Task item: Would you retype the listing word for word, skipping its pictures?

Dataset:

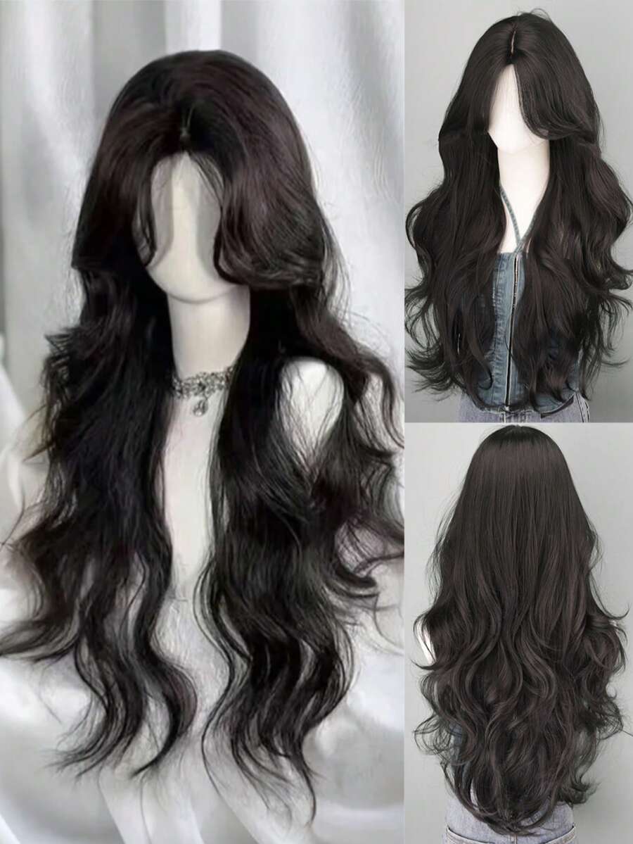 26英寸合成纤维假发,中分长卷金色假发,适合日常佩戴、节日、旅行、派对、角色扮演、万圣节、圣诞节等场合。
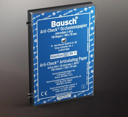 The Bausch Arti-Check® ultra-thin articulating papers of 40µ are extremely thin and break-resistant papers that are coated on both sides with liquid colors. These papers have a highly precise marking property due to their low thickness, thus avoiding erroneous or blurred contacts. The special coating with liquid colors allows for clear marking of all occlusal contacts or interferences. There are no issues with difficult-to-control occlusal surfaces that are impregnated with saliva, such as gold, ceramics, polished metal surfaces, or acrylics. The special color coating with liquid colors consists of many small microcapsules filled with color. Even with light masticatory pressure, these capsules burst and release the color, which is clearly visible. Repeated marking is possible because the color regenerates. The ultra-thin Bausch occlusion papers are especially suitable for visualizing static and dynamic occlusion in two colors. In the first step, centric contacts (static occlusion) are checked in red, and in the second step, eccentric contacts (dynamic occlusion) are checked in blue. The order of the colors can, of course, be changed. The Bausch Arti-Check® ultra-thin articulating papers of 40µ are extremely thin and break-resistant papers that are coated on both sides with liquid colors, thus avoiding erroneous or blurred contacts. These papers are also available in a horseshoe shape. The pre-cut paper can be easily placed without tweezers or bite attachments. All horseshoe-shaped papers are delivered in plastic dispensers, which allow for easy one-handed retrieval. Due to the shape of this paper, all dental contacts of the complete dental arch can be displayed with a single sheet. This is especially essential in complete dentures or when adjusting bite splints.
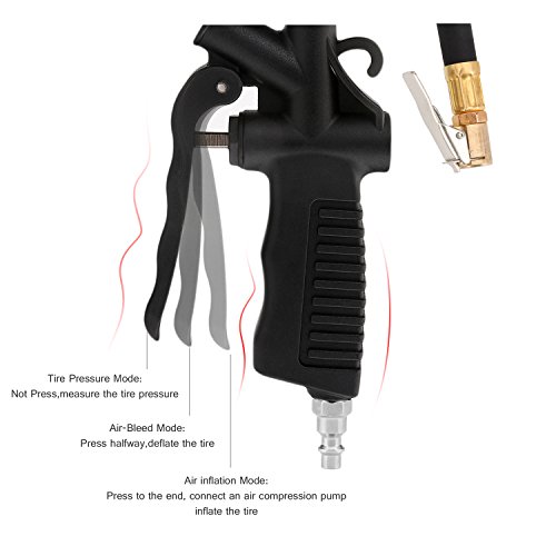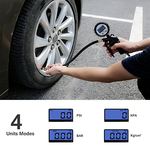 - ★3 MODES WITH 4 MEASUREMENT UNITS: Half press means deflate gas, full press means inflate, do not press the handle is measure the tire pressure, very easy to use it. This Tire inflator could be changed to 4 measurement units: Psi, Bar, kg/cm², Kpa, just press the change button to change the unit.
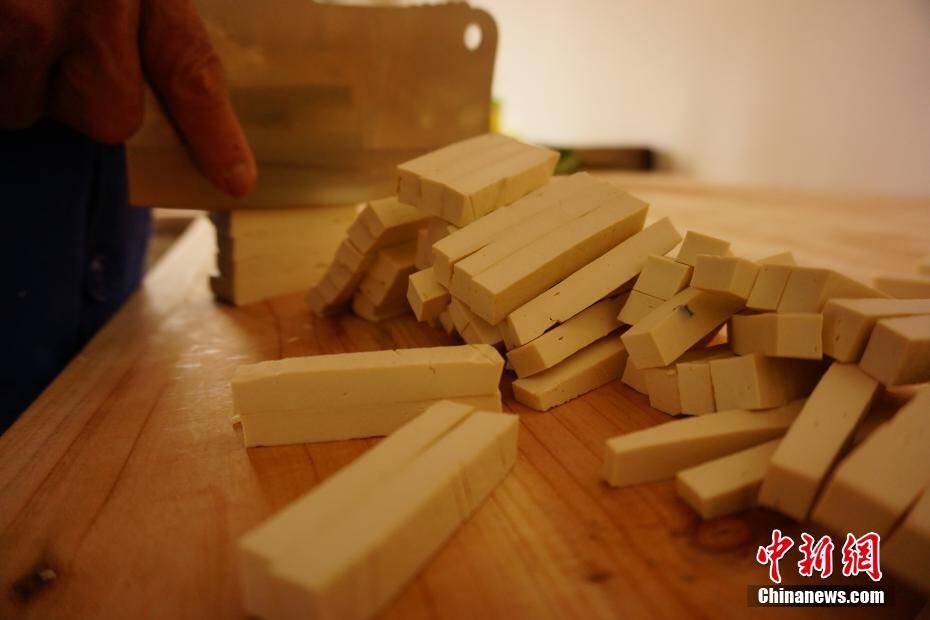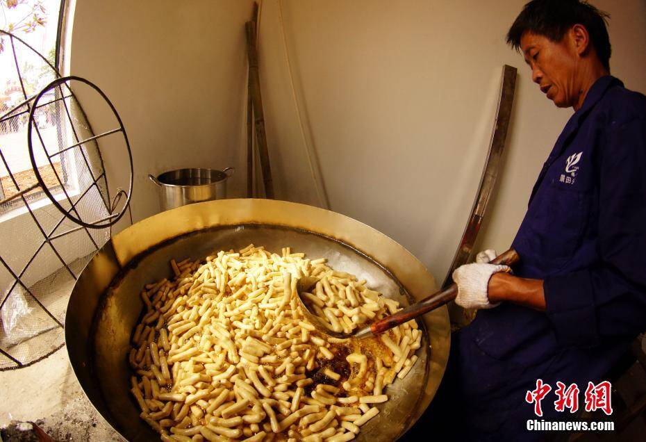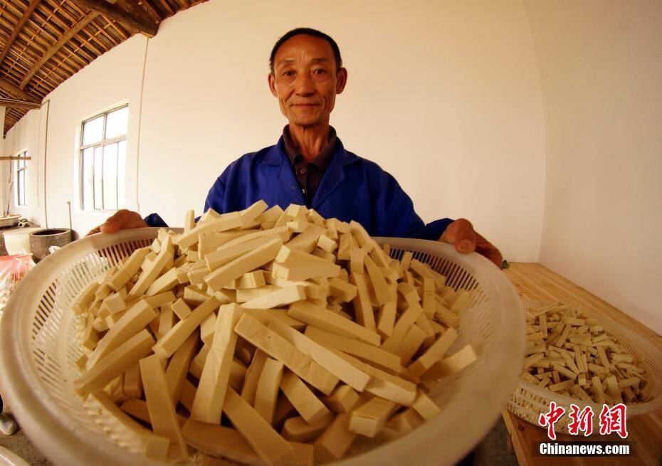 南峰豆参以当地盛产的黄豆为原料,先将黄豆制作成豆腐,把豆腐压紧成豆干,再将榨干水份的豆干切成条状,将豆条放入油锅煎炸。 王昊阳 摄
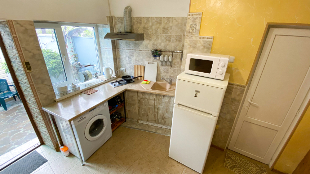 Это однокомнатный дом со своим отдельным двориком и всеми удобствами, расположенный в живописном историческом центральном районе Гурзуфа.
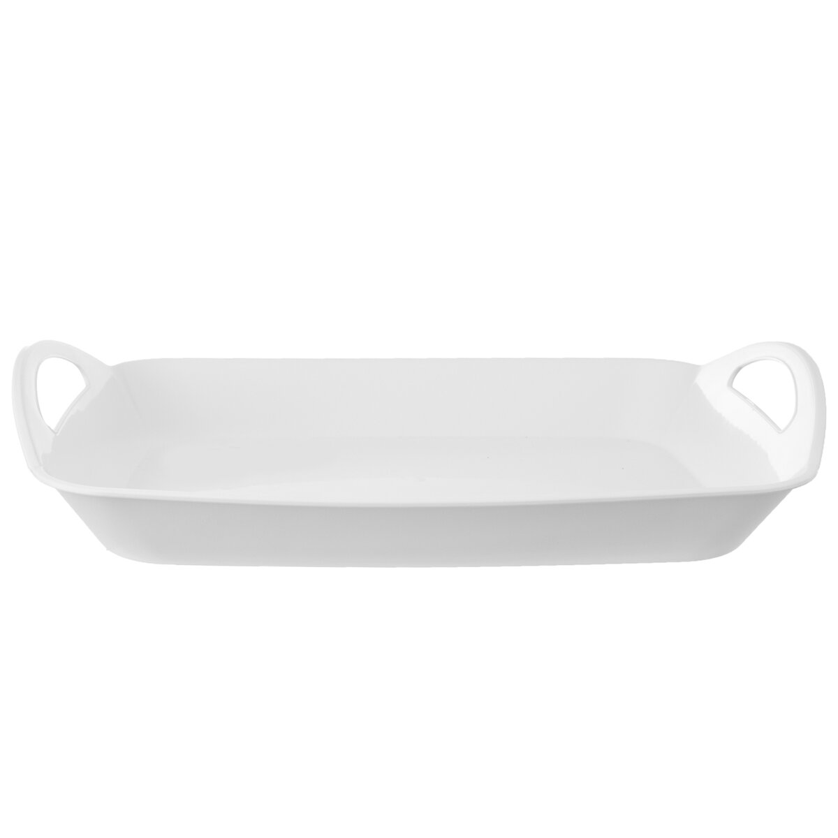 Kód produktu 153833Hluboký bílý plastový tác s uchy o rozměru 43,5x31,5x5 cm slouží k přenášení nápojů a pokrmů.
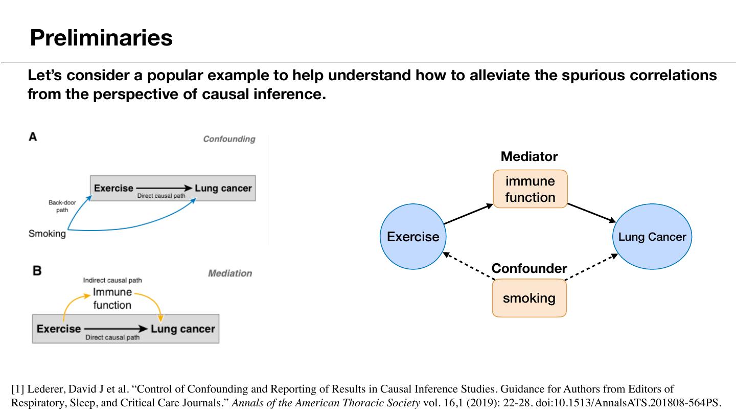 9 . Preliminaries Let’s consider a popular example to help understand how to alleviate the spurious correlations from the perspective of causal inference. Mediator immune function Exercise Lung Cancer Confounder smoking [1] Lederer, David J et al. “Control of Confounding and Reporting of Results in Causal Inference Studies. Guidance for Authors from Editors of Respiratory, Sleep, and Critical Care Journals.” Annals of the American Thoracic Society vol. 16,1 (2019): 22-28. doi:10.1513/AnnalsATS.201808-564PS.
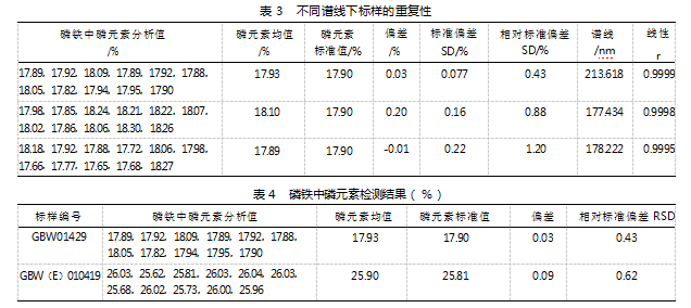 采用该方法检测标样GBW01429和GBW(E)010419的磷元素,检测结果及分析数据如表4所示。

Expected answer:
 26英寸合成纤维假发,中分长卷金色假发,适合日常佩戴、节日、旅行、派对、角色扮演、万圣节、圣诞节等场合。
 The Bausch Arti-Check® ultra-thin articulating papers of 40µ are extremely thin and break-resistant papers that are coated on both sides with liquid colors. These papers have a highly precise marking property due to their low thickness, thus avoiding erroneous or blurred contacts. The special coating with liquid colors allows for clear marking of all occlusal contacts or interferences. There are no issues with difficult-to-control occlusal surfaces that are impregnated with saliva, such as gold, ceramics, polished metal surfaces, or acrylics. The special color coating with liquid colors consists of many small microcapsules filled with color. Even with light masticatory pressure, these capsules burst and release the color, which is clearly visible. Repeated marking is possible because the color regenerates. The ultra-thin Bausch occlusion papers are especially suitable for visualizing static and dynamic occlusion in two colors. In the first step, centric contacts (static occlusion) are checked in red, and in the second step, eccentric contacts (dynamic occlusion) are checked in blue. The order of the colors can, of course, be changed. The Bausch Arti-Check® ultra-thin articulating papers of 40µ are extremely thin and break-resistant papers that are coated on both sides with liquid colors, thus avoiding erroneous or blurred contacts. These papers are also available in a horseshoe shape. The pre-cut paper can be easily placed without tweezers or bite attachments. All horseshoe-shaped papers are delivered in plastic dispensers, which allow for easy one-handed retrieval. Due to the shape of this paper, all dental contacts of the complete dental arch can be displayed with a single sheet. This is especially essential in complete dentures or when adjusting bite splints.
 - ★3 MODES WITH 4 MEASUREMENT UNITS: Half press means deflate gas, full press means inflate, do not press the handle is measure the tire pressure, very easy to use it. This Tire inflator could be changed to 4 measurement units: Psi, Bar, kg/cm², Kpa, just press the change button to change the unit.
 南峰豆参以当地盛产的黄豆为原料,先将黄豆制作成豆腐,把豆腐压紧成豆干,再将榨干水份的豆干切成条状,将豆条放入油锅煎炸。 王昊阳 摄
 Это однокомнатный дом со своим отдельным двориком и всеми удобствами, расположенный в живописном историческом центральном районе Гурзуфа.
 Kód produktu 153833Hluboký bílý plastový tác s uchy o rozměru 43,5x31,5x5 cm slouží k přenášení nápojů a pokrmů.
 9 . Preliminaries Let’s consider a popular example to help understand how to alleviate the spurious correlations from the perspective of causal inference. Mediator immune function Exercise Lung Cancer Confounder smoking [1] Lederer, David J et al. “Control of Confounding and Reporting of Results in Causal Inference Studies. Guidance for Authors from Editors of Respiratory, Sleep, and Critical Care Journals.” Annals of the American Thoracic Society vol. 16,1 (2019): 22-28. doi:10.1513/AnnalsATS.201808-564PS.
 采用该方法检测标样GBW01429和GBW(E)010419的磷元素,检测结果及分析数据如表4所示。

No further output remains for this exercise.